__Provided material__.
____

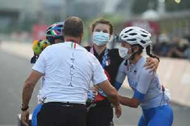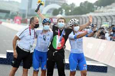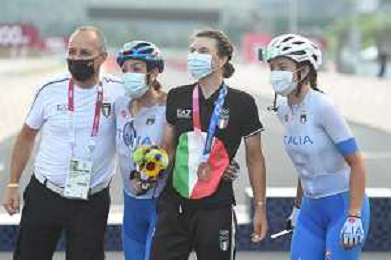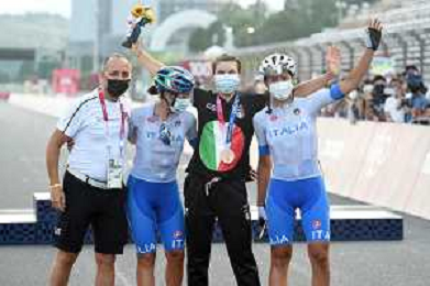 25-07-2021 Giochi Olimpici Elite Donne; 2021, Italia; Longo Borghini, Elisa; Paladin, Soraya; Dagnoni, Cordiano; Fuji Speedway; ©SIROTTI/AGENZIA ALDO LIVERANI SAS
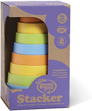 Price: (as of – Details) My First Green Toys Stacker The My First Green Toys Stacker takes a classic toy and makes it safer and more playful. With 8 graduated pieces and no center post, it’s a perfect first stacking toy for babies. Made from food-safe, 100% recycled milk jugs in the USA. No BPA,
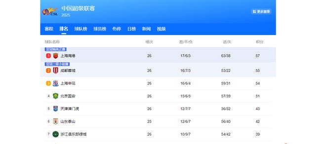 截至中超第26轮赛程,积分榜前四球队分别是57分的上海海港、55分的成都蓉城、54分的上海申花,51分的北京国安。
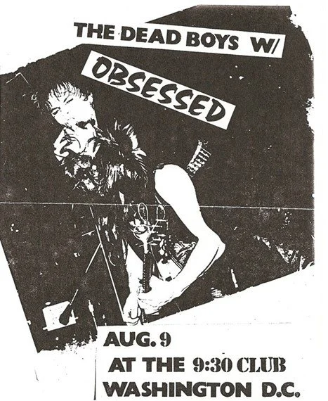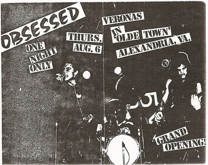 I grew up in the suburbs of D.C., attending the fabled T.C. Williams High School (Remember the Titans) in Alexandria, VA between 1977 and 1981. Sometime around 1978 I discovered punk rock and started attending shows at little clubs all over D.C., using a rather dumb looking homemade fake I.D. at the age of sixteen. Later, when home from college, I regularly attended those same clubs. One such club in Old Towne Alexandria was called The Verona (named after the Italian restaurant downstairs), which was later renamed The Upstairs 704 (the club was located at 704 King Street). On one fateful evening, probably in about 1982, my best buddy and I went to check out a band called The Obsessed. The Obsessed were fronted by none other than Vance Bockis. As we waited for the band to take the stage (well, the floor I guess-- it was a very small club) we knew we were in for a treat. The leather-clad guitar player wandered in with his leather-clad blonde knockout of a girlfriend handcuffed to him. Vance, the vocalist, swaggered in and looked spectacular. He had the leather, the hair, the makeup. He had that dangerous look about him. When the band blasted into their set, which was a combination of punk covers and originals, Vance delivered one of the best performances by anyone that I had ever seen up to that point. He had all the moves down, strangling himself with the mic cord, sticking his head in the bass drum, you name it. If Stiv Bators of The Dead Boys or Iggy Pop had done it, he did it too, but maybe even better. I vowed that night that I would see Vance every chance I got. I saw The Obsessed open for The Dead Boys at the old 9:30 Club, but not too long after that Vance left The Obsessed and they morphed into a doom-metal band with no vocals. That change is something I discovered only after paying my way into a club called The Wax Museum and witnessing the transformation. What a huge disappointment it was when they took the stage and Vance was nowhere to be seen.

____

__Work task__.
Reproduce the material above exactly, first line through the line that contains "截至中超第26轮赛程,积分榜", minus the pictures.

__Solution__.
 25-07-2021 Giochi Olimpici Elite Donne; 2021, Italia; Longo Borghini, Elisa; Paladin, Soraya; Dagnoni, Cordiano; Fuji Speedway; ©SIROTTI/AGENZIA ALDO LIVERANI SAS
 Price: (as of – Details) My First Green Toys Stacker The My First Green Toys Stacker takes a classic toy and makes it safer and more playful. With 8 graduated pieces and no center post, it’s a perfect first stacking toy for babies. Made from food-safe, 100% recycled milk jugs in the USA. No BPA,
 截至中超第26轮赛程,积分榜前四球队分别是57分的上海海港、55分的成都蓉城、54分的上海申花,51分的北京国安。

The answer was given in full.